Для полной реабилитации. И не только. Было еще множество причин и потребностей, смутных, неоформившихся, но которые я все объединил под одним названием: перевод стрелок. Собственно, передо мной сейчас было три пути: вернуться в спокойную, здоровую колею курьера, как будто ничего не произошло, вернуться в прошлую жизнь, плюнув на выздоровление, и попытаться снова сбежать — в неизвестность. Но для того чтобы выбрать, требовались силы и ясная голова, а у меня не было ни того ни другого. Хулиганско-деловая поездка за город меня взбодрила и освежила, но потом я как-то внезапно устал. И потому перевел стрелки: притворяясь перед самим собой, решил, что в данный момент важнее всего навестить семью, пообщаться с Тоней — она ведь совсем одна. А потом уже решать другие проблемы.
Все время, пока ехал в троллейбусе, я представлял тот легкий, незамысловато-шутливый разговор с сестренкой, который поведу, — настраивался на игровую волну:
— Привет, Тонечка! Вот и я! Давно не виделись.
— Ох, как здорово, что ты приехал! А мама сказала, ты простудился и заболел.
— Простудился, но Айболит меня вылечил. Кхе-кхе-кхе, только немного кашель остался. Ну, как поживаешь? Что поделываешь? Хочешь, в субботу съездим в зоопарк?
И все в таком роде. И когда входил в квартиру (дверь открыл своим ключом, чтобы ее не беспокоить), насадил на лицо этакую игривую улыбку и приготовился гаркнуть:
— Привет, Тонечка!
Но не гаркнул, и улыбка моя скисла, и весь я сразу же скис. Сестра сидела в прихожей в своем кресле, прямо напротив входной двери, и чувствовалось, что до этого она не отрываясь на нее смотрела, как будто кого-то ждала, с нетерпением, с беспокойством.
— Тонь! Ты чего здесь?… — Я кинулся к ней, взял за плечи, тихонько встряхнул.
Она на меня посмотрела каким-то отсутствующим взглядом.
— А я не надеялась, уже не надеялась. Мама звонила, но я не надеялась, думала, она просто меня утешает, — проговорила она монотонно.
— На что не надеялась?
Я развернул ее кресло и повез в комнату. Это была уловка: не видеть ее лица, чуть-чуть притвориться, что не очень обеспокоен ее видом, детский испуг (ведь так легко развеять!).
Тоня ничего не ответила. Голова ее слегка вздрогнула от толчка, когда мы переваливали порог. Мне стало не по себе, и я заложил какой-то нелепый вираж по комнате, крутанул ее в кресле и резко развернув, затормозил у окна — видно, тема игривости прочно засела.
— Тпру! Приехали!
И только тогда присел перед нею на корточки и увидел, что она плачет, — слезы текли по все так же отсутствующему лицу. И все-таки опять не унялся, принялся ее тормошить с дурацкими прибаутками, не соображая, что несу:
— Отольются зайке Тонечкины слезки. У ней глазоньки опухли. О чем Тонечка плачет?
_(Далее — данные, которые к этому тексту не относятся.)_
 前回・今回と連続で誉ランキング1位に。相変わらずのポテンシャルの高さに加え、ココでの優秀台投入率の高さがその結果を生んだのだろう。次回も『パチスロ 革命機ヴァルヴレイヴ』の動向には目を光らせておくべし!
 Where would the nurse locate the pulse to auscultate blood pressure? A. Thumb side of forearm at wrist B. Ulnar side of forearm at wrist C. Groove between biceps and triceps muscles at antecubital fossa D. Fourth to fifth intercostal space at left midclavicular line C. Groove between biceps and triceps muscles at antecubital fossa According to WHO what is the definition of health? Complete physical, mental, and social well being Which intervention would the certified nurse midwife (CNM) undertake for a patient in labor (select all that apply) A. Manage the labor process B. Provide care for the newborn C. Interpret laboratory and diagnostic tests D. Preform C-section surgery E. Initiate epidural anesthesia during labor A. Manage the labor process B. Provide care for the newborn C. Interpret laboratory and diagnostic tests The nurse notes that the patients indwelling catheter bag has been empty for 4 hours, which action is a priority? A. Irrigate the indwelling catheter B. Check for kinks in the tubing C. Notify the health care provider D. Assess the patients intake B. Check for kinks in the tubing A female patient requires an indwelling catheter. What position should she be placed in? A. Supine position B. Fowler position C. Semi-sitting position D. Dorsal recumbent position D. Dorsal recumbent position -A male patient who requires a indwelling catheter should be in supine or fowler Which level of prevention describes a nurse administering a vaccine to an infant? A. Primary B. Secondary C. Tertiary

А она вдруг, словно ее резким толчком сзади опрокинули вперед, с размаху упала на меня, обхватила руками, сильно, до боли, сжала и разрыдалась.
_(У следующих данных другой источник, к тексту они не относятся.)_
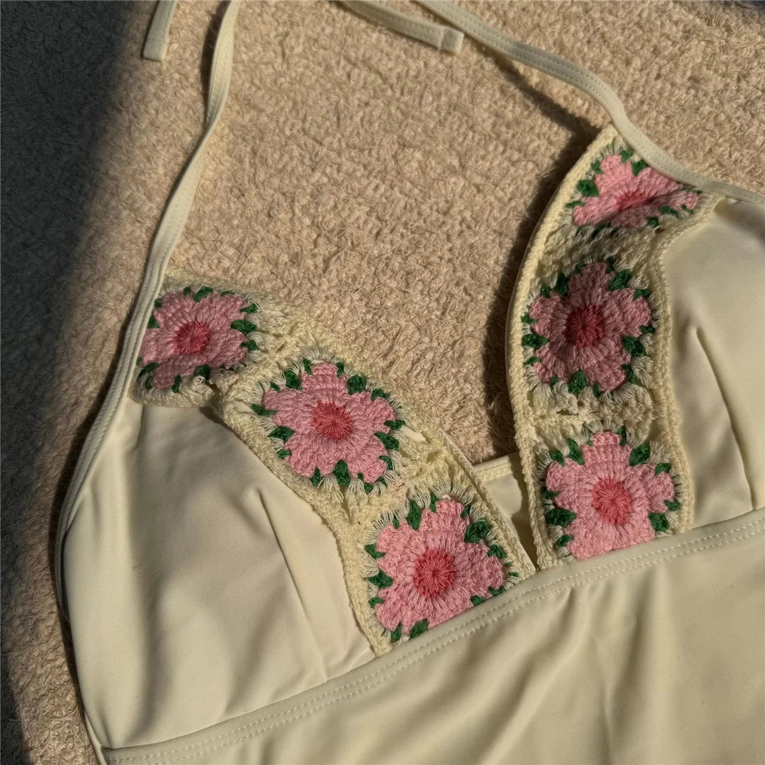 This two-piece bikini features a flattering V-neck halter design with a vibrant floral print, combining style and comfort for your swimwear collection. The padded cups provide gentle support and shape, while the adjustable halter straps ensure a secure fit. Ideal for beach days or poolside lounging, this swimsuit offers both elegance and functionality for confident, comfortable wear.
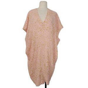 Hatch The Slouch Dress Apricot Silk Cotton V-Neck Lightweight Soft Pullover O/S

— Тошенька! — совершенно забывшись, выкрикнул я. — Тошка-Антошка! — растерявшись окончательно, переносясь на шесть лет назад, прошептал я — так мы называли ее до аварии, нашу маленькую девочку-сорванца, с короткой стрижкой, в брючках с забавными подтяжками, больше похожую на мальчика. Это прозвище давно стало табу. С тех самых пор, как мы узнали, а главное, она узнала, что болезнь ее навсегда, что не только бегать, прыгать, скакать, но и просто ходить она никогда не будет. Я впервые его нарушил. И ужасно испугался. А с Тонечкой сделалась настоящая истерика.